### RECORDS SHOWN
--- START ---

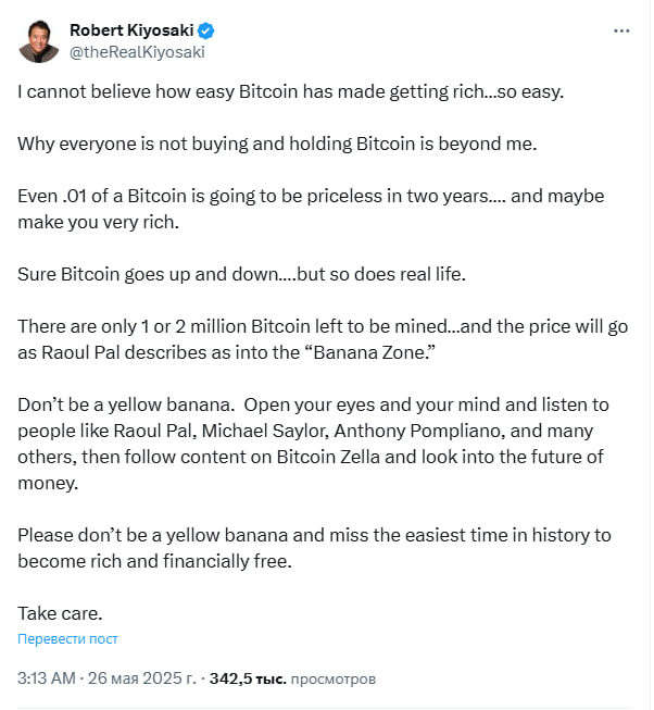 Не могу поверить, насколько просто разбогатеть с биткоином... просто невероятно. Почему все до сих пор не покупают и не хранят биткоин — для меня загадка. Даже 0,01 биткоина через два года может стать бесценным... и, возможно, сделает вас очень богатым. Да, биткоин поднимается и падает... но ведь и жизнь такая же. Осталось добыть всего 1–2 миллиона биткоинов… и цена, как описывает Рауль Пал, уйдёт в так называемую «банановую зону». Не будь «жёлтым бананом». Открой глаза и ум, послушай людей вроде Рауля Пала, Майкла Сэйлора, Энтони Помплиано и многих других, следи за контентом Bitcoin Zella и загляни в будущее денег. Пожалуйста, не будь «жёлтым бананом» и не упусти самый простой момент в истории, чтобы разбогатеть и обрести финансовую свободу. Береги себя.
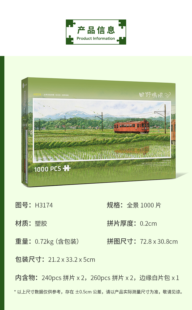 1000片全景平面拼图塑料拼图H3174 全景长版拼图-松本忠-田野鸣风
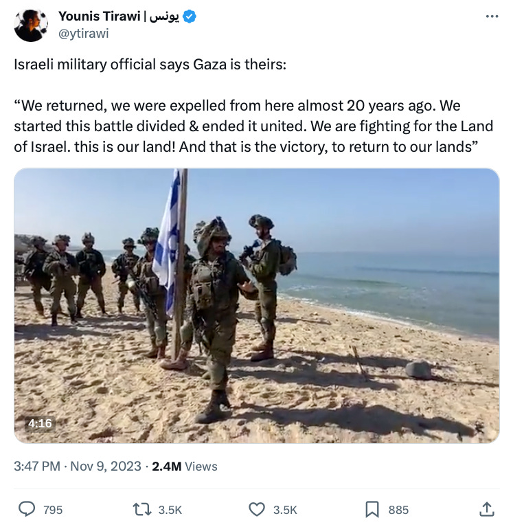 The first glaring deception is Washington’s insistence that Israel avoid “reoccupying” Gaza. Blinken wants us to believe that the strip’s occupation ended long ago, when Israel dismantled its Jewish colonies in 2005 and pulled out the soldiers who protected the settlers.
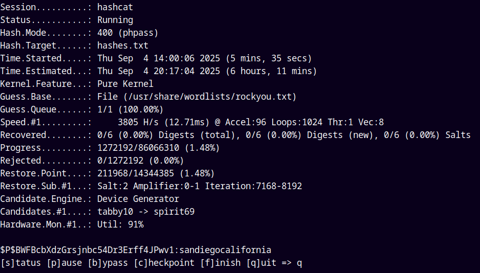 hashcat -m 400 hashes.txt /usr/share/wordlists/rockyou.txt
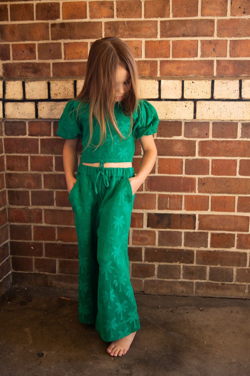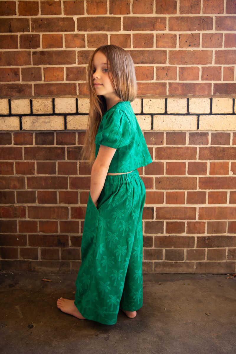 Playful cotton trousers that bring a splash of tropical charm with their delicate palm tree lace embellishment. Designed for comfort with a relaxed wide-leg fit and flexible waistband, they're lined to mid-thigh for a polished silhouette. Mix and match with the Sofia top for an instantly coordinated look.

--- END ---
--- START ---

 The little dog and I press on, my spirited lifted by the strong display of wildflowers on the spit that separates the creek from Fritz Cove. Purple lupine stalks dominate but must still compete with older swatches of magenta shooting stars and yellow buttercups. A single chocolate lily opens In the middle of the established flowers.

--- END ---
--- START ---

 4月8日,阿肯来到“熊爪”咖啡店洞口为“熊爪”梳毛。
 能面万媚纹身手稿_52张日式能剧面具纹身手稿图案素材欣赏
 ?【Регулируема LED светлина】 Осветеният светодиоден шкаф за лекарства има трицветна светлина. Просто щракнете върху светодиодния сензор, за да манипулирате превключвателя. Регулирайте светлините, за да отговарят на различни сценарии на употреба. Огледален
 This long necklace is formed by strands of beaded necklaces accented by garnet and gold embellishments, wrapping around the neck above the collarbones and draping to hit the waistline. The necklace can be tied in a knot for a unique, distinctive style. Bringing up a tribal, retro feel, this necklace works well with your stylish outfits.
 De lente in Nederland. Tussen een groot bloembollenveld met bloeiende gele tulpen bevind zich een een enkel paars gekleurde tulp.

--- END ---

### DIRECTIONS
Everything from the line with "1000片全景平面拼图塑料拼图H3174 全景长版拼图-松本忠-田野鸣风" through the line with "Playful cotton trousers" in the material above should be transcribed exactly, except the pictures.

### TASK ANSWER
 1000片全景平面拼图塑料拼图H3174 全景长版拼图-松本忠-田野鸣风
 The first glaring deception is Washington’s insistence that Israel avoid “reoccupying” Gaza. Blinken wants us to believe that the strip’s occupation ended long ago, when Israel dismantled its Jewish colonies in 2005 and pulled out the soldiers who protected the settlers.
 hashcat -m 400 hashes.txt /usr/share/wordlists/rockyou.txt
 Playful cotton trousers that bring a splash of tropical charm with their delicate palm tree lace embellishment. Designed for comfort with a relaxed wide-leg fit and flexible waistband, they're lined to mid-thigh for a polished silhouette. Mix and match with the Sofia top for an instantly coordinated look.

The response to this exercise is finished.